Problem details
The lines to return run from the start of the material below through the line holding "Stretch to fit", both included; please give them back exactly, minus the pictures.

Data shown
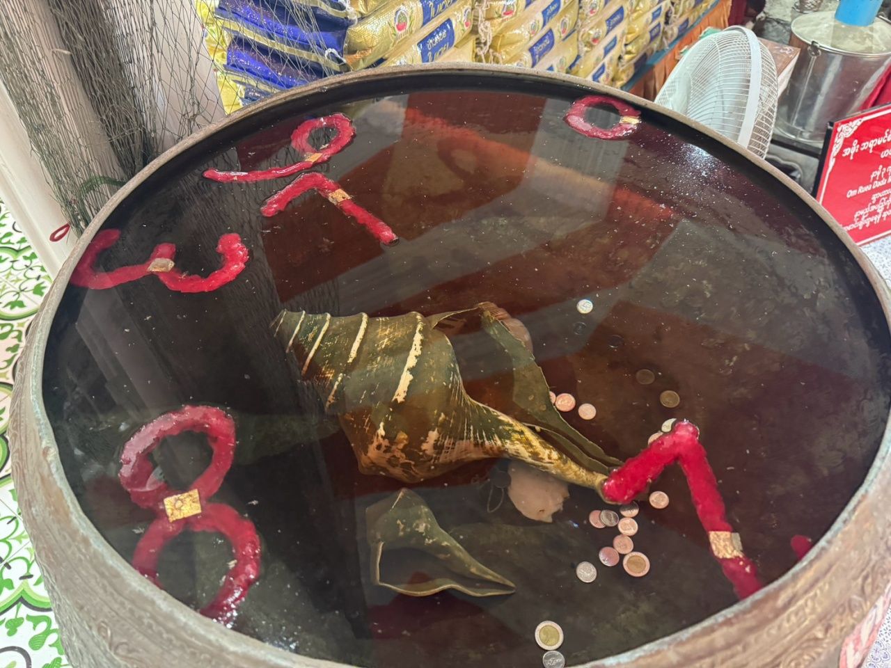 และมีหลายคนนำสิ่งของต่างๆ มาแก้บน ทั้งฟักทอง น้ำแดง ข้าวสาร น้ำ ขนม ของเล่น พร้อมเข้าร่วมพิธี ทั้งถวายข้าวสาร ยกพ่อแก่ ลงคาถาเงินล้านที่กระเป๋าสตางค์ และให้อาจารย์ฤาษีเณร ธาตุพุทธคุณลงนะ พระลักษณ์หน้าทอง เจิมมือเปิดดวงเศรษฐี รับน้ำสังข์นิลกาฬ เพื่อความเป็นสิริมงคล หลายคนยังได้ไปส่องเลขอ่างน้ำมนต์บนศาลาบุญช่วยเพื่อนำไปเสี่ยงโชค โดยเลขอ่างน้ำมนต์ได้แก่ 0 1 2 3 8 9 ซึ่งจะลอยจับกลุ่มกันเรียกว่าเทวะบันดาล
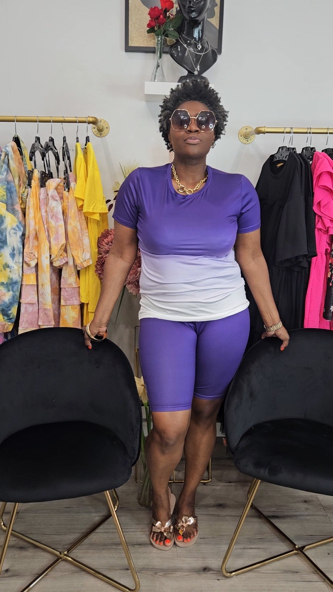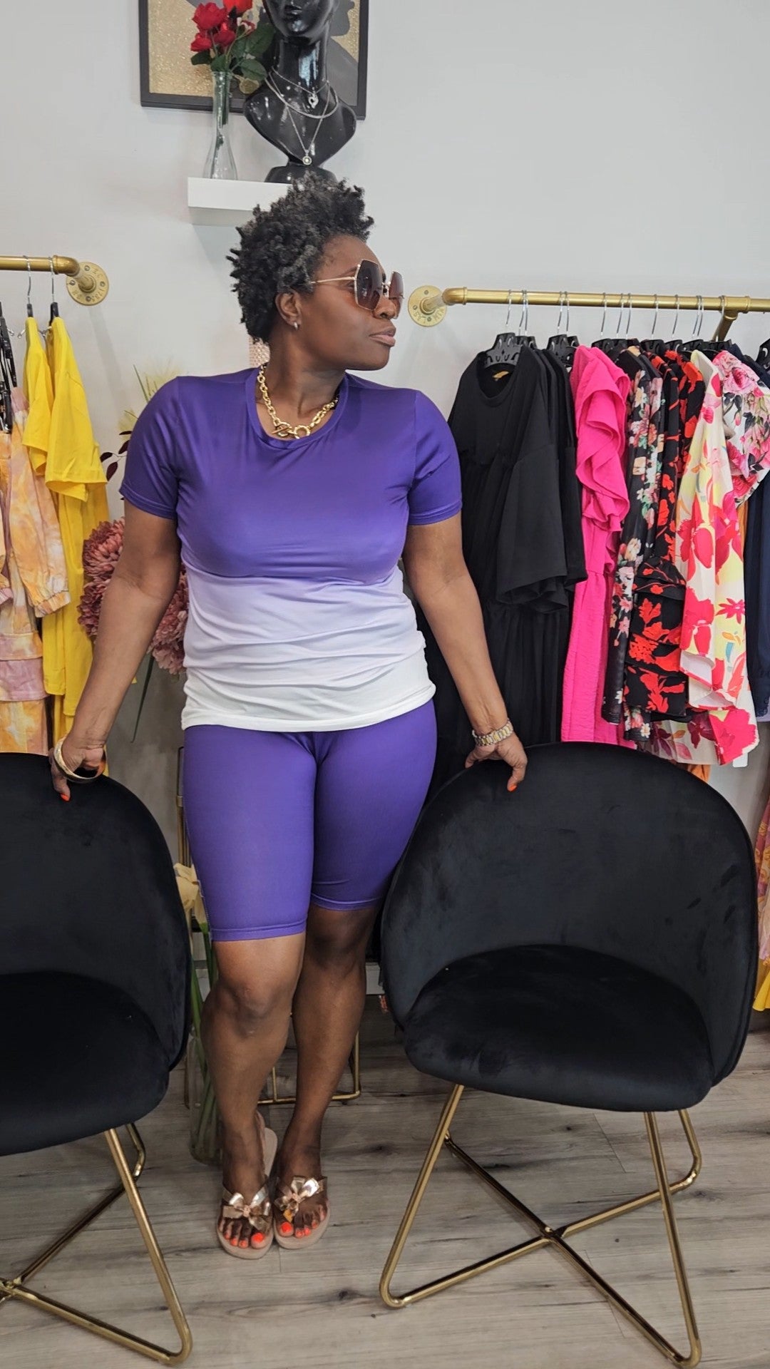 Stretch to fit top and biker short set; crew neck
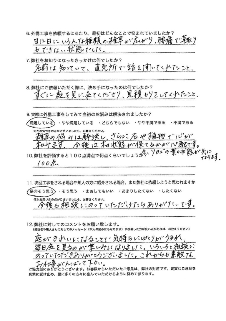 庭がきれいになることで気持ちにゆとりがうまれ、毎日庭を見るのが楽しみになりました。いろいろと相談にのっていただきありがとうございました。これからも素敵なお仕事がんばって下さい。

Problem solution
 และมีหลายคนนำสิ่งของต่างๆ มาแก้บน ทั้งฟักทอง น้ำแดง ข้าวสาร น้ำ ขนม ของเล่น พร้อมเข้าร่วมพิธี ทั้งถวายข้าวสาร ยกพ่อแก่ ลงคาถาเงินล้านที่กระเป๋าสตางค์ และให้อาจารย์ฤาษีเณร ธาตุพุทธคุณลงนะ พระลักษณ์หน้าทอง เจิมมือเปิดดวงเศรษฐี รับน้ำสังข์นิลกาฬ เพื่อความเป็นสิริมงคล หลายคนยังได้ไปส่องเลขอ่างน้ำมนต์บนศาลาบุญช่วยเพื่อนำไปเสี่ยงโชค โดยเลขอ่างน้ำมนต์ได้แก่ 0 1 2 3 8 9 ซึ่งจะลอยจับกลุ่มกันเรียกว่าเทวะบันดาล
 Stretch to fit top and biker short set; crew neck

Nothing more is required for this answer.